No. 3 with Mama
Yesterday's trials began Thursday when John called to tell me another chick hatched out and a 4th one was struggling in its shell. When I got home, No 3 was still wet and the 4th was in what looked like a collapsing egg!
Since it was late and the 3rd sat protected under Mama, I left everything as it was. It would dry out and not be molested by the big birds and no 4 would be out, hopefully, in the morning. It looked weak and rather miserable and I steeled myself to the knowledge that this one might not make it at all.
But the morning came and no. 3 was binking around Mama, chirping at me and interested in everything. Mama was in no mood to be fooled around with but I got her shift enough to see no. 4 still there in an ever-encreasingly crushed egg. What to do. What to do. Wait n see. I removed no. 3 so Mama would presumably quit shifting so much.
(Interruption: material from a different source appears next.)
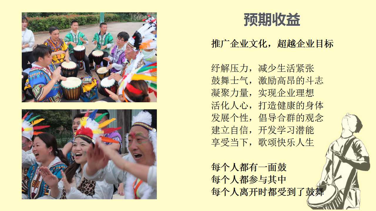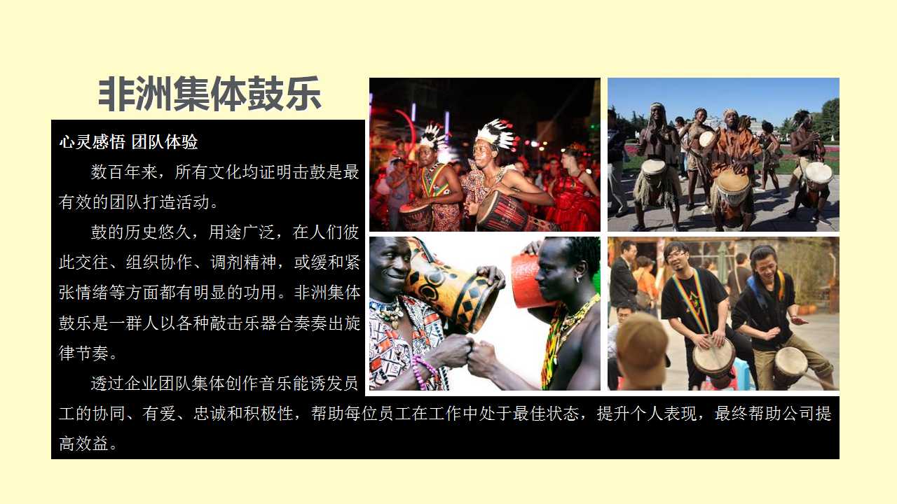 數(shù)百年來,所有文化均證明擊鼓是最 有效的團(tuán)隊打造活動。 鼓的歷史悠久,用途廣泛,在人們彼 此交往、組織協(xié)作、調(diào)劑精神,或緩和緊 張情緒等方面都有明顯的功用。非洲集體 鼓樂是一群人以各種敲擊樂器合奏奏出旋 律節(jié)奏。

By 2ish pm I decided to take matters into my own hand. The little thing was completely surrounded by an egg that had been crushed and a membrane that was drying out and smothering it.
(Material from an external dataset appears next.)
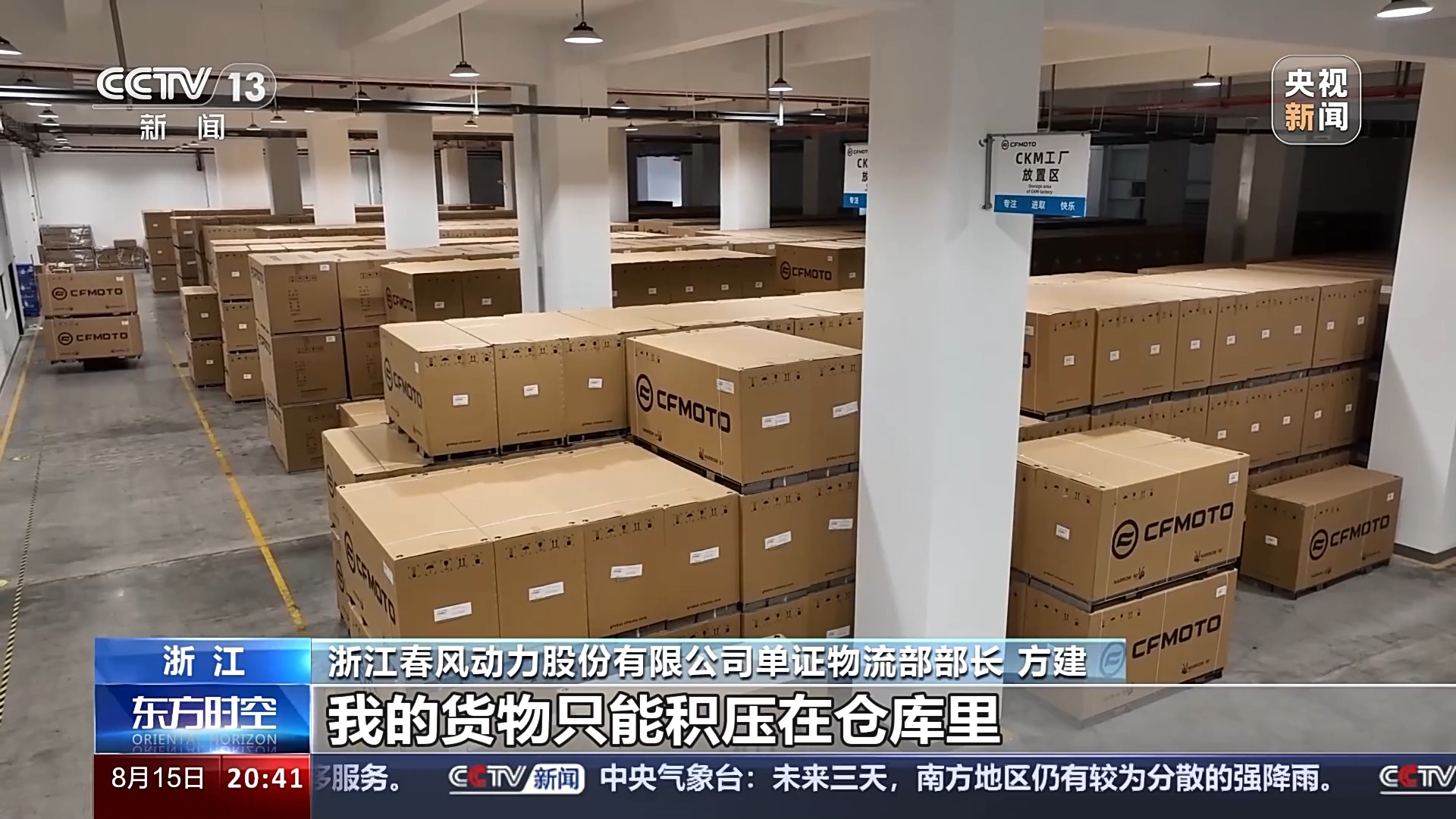 浙江春風(fēng)動力股份有限公司單證物流部部長 方建:因?yàn)橥赓Q(mào)訂單是在手的,然后生產(chǎn)線也是不停的。如果說貨物出口沒有集裝箱的話,我的貨物只能積壓在倉庫里。

I know I shouldn't interfere but it looked like it was trying but needed help! So I quickly removed it to a shoebox with sawdust in it for warmth and hurried back to the bathroom where the others are living in a large cage.
Would YOU be able to just turn away? Well, neither could I so I sat there for several hours and "helped" it get loosened from the drying membrane and one foot released and started kicking. And I waited.
I was so tired from not getting good sleep for several nights in a row. Waking at 3 am makes 3 pm seem like bedtime. So I left it and took a nap. When I returned an hour and a half later, it looked like progress was being made.
So now I put it in the palm of one hand and began wetting the membrane with warm water and easing it off the dried feathers.
This went on for an hour or so when I realized the membrane that was still attached at the navel (yeah, chickens have a navel!) (who knew?) so it was still soaking in al the remaining blood and nutrients from the yolk sack!!!!! Yea!!!! I put it down around 6 to think about dinner.
When I returned an hour later, it had completely separated itself naturally from the sack and was kicking gently against the sawdust and fluffing out its feathers. At this point in time, I felt better about its chances of survival.
By the time 10 pm got there, I was more than ready for bed and checked on her (I am going with her from here on out) and found her fluffing nicely and gave her water on her beak. I put the whole shoebox in the cage to keep her safe during the night but separated from the others. No. 1 keeps trying to "fly" but still can't get as high as the top of the shoe box so I figured they would not bash into her.
She looks like a wren in color. I may name her that...
She is integrated now with the others and they have shown her how to drink and don't behave too roughly. She is standing wobbly on her pins and moving around slowly.